Sunday, August 2, 2009

The Color Purple: Shades of Mediocrity


A couple of weeks ago, I saw the National Tour of The Color Purple at the Kennedy Center in Washington, DC. The highly-promoted tour stars Fantasia (who, from the title page of the program no longer needs her last name, Barino). Even though Fantasia gave a really solid performance that night, it’s taken me a while to write about the show. Honestly, it’s taken me a while to dissect my feelings about it.

To be fair, The Color Purple is not a bad musical—it’s perfectly fine. But in many ways, I think that mediocrity is the show’s downfall.

In the mid 80s, when I was in college at an arts conservatory in North Carolina, just down the road the legendary Stephen Spielberg was filming the screen adaptation of Alice Walker’s masterpiece, The Color Purple. This was particularly important because it meant an opportunity for art school students to appear in the Spielberg film as an extra. There was tremendous buzz on campus, and several of my friends and classmates ended up surviving the editing room floor and are forever immortalized in the film that made Whoopi and Oprah household names. The daily cafeteria chatter was the kind that defines film legends, “Yesterday, Spielberg stopped production for six hours waiting for the perfect cloud formation.”

Who knows whether or not the stories grew over time or even ever happened, but the thought that they might be true made Spielberg a genius in our minds. And the film version of The Color Purple did not disappoint. The film is lush, sweeping, touching, and beautiful. John Williams’ score mapped perfectly to every scene, giving real emotion and desperation to the characters and the setting.

This brings me back to the stage musical version of the same name. The Color Purple, the musical, is not lush and at times is not even melodic. The score is more forgettable and the book is a forced compilation of iconic moments, each reminding us of the same moment in the film. Every memorable line from the movie is here, but the context that strings these moments together is missing.

The worst offense is at the beginning of Act II with the representation of Africa. The scene looks like a moment designed to mock The Lion King—when the dead antelope is carried out, it looks like a Forbidden Broadway parody of The Circle of Life.

As I said, The Color Purple is not a bad show. But it should have been an amazing show. It should have been beautiful and touching. It should have captivated its audience and left not a dry eye in the house. It just didn’t.

I think the thing that disappoints me the most, is that The Color Purple is a marketing gift—with Oprah’s endorsement, the familiarity of the film, and Alice Walker’s powerful story, this show is packing in crowds of people who almost never go to the theatre.
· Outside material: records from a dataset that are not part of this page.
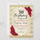 Convite para aniversário de 30 anos. Design elegante em ouro e vermelho. Apresenta faixas de ouro com brilho sutil, fonte de script do rosa vermelha na moda e confetti. Perfeito para uma festa de aniversário de vidro.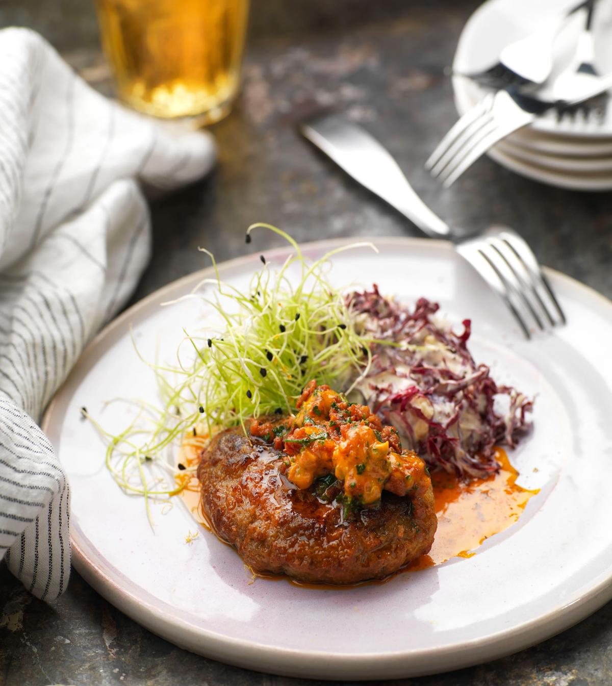 Stek eller värm biffarna i ugn. Lägg upp på tallrikar eller fat, skeda på lök och sky och avsluta med ett stekt ägg. Servera tillsammans med potatis och sallad.
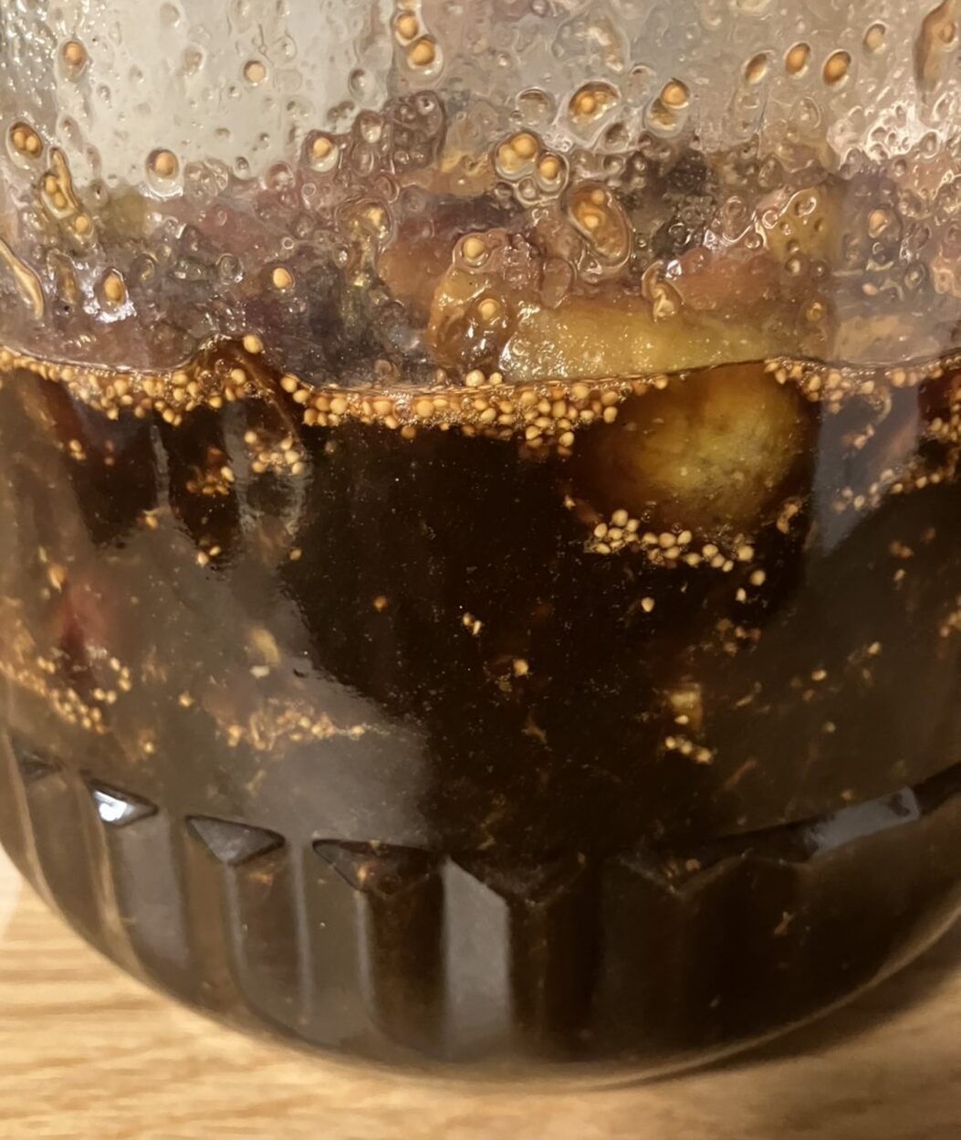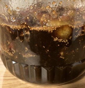 出来上がったイチジク酵素シロップは、お水や炭酸水で割ると美味しく飲めます。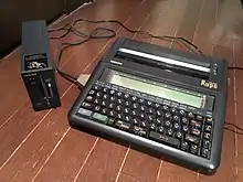 The Japanese writing system uses a large number of kanji (logographic Chinese characters) which require 2 bytes to store, so having one key per each symbol is infeasible. Japanese word processing became possible with the development of the Japanese input method (a sequence of keypresses, with visual feedback, which selects a character) -- now widely used in personal computers. Oki launched OKI WORD EDITOR-200 in March 1979 with this kana-based keyboard input system. In 1980 several electronics and office equipment brands including entered this rapidly growing market with more compact and affordable devices. For instance, NEC introduced the NWP-20, and Fujitsu launched the Fujitsu OASYS. While the average unit price in 1980 was 2,000,000 JPY (US$14,300), it was dropped to 164,000 JPY (US$1,200) in 1985.[21] Even after personal computers became widely available, Japanese word processors remained popular as they tended to be more portable (an "office computer" was initially too large to carry around), and become commonplace for business and academics, even for private individuals in the second half of the 1980s.[22] The phrase "word processor" has been abbreviated as "Wa-pro" or "wapuro" in Japanese.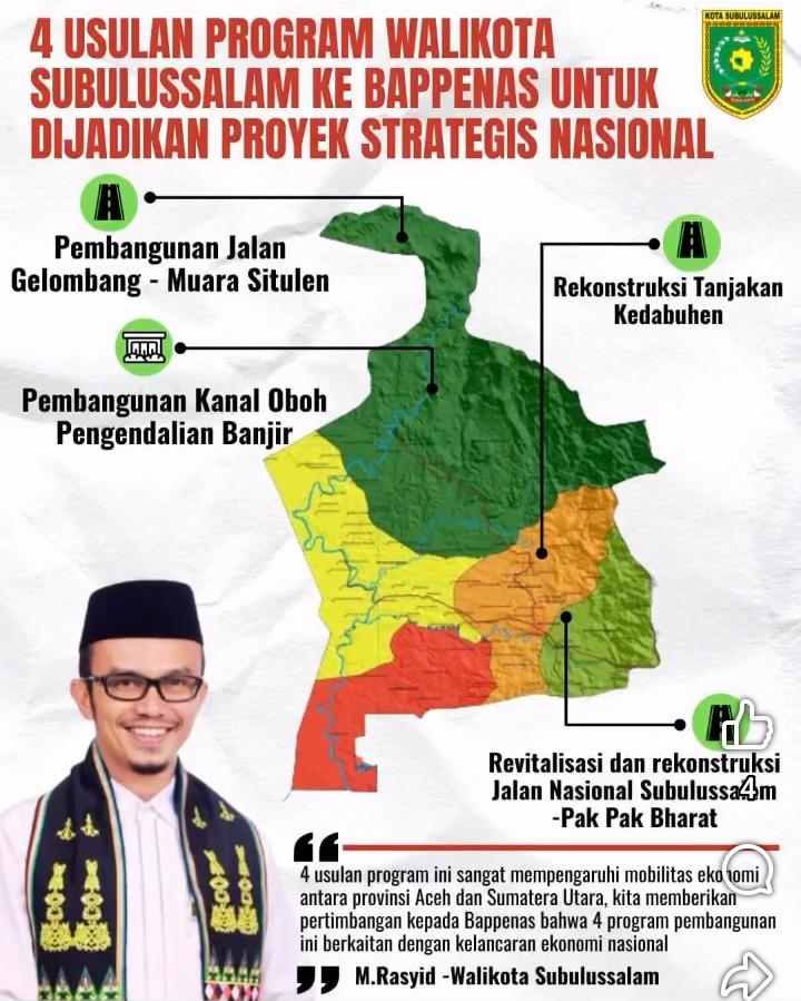 Subulussalam – Walikota Subulussalam, Haji Rasyid Bancin (HRB), mengusulkan 4 program untuk dijadikan Proyek Strategis Nasional (PSN) saat menemui Kepala BAPPENAS. Program-program tersebut adalah: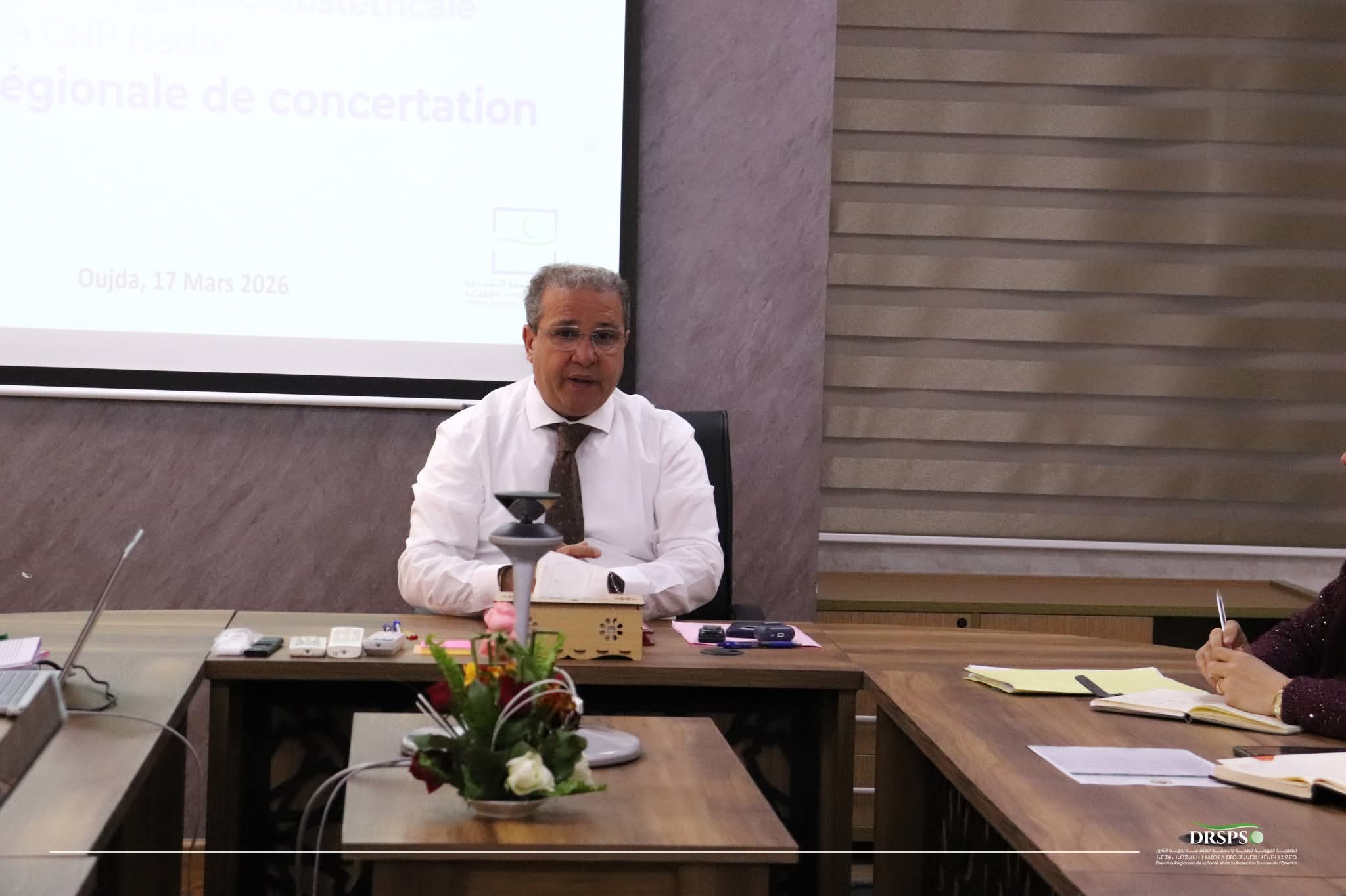 عرف هذا الاجتماع حضور السيدة مندوبة وزارة الصحة والحماية الاجتماعية بإقليم الناظور وبصفتها مديرة المستشفى الإقليمي بالناظور، السيد مندوب وزارة الصحة والحماية الاجتماعية بإقليم الدريوش وبصفته مدير المستشفى الإقليمي بالدريوش، إلى جانب رؤساء الأقطاب الطبية، أطباء الإنعاش والتخدير، أطباء أمراض النساء والتوليد، فضلاً عن أطر المديرية الجهوية، لاسيما السيدة رئيسة مصلحة المرصد الجهوي للصحة والسيد رئيس مصلحة العرض الصحي.

Here is an opportunity to introduce non-theatre goers to the magic of the stage—to get them hooked and coming back again and again. Rather than leverage this powerful property by producing a brilliant theatrical event, this audience is deceived into thinking that The Color Purple is theatrical genius. Everyone raves, and Oprah said that it’s good—therefore, it must be. The opportunity to educate, to inspire, and to introduce magic has been wasted.

I had a teacher at that North Carolina arts school who used to say, “There is no room in the arts for mediocrity.” Clearly, she hadn’t yet seen The Color Purple.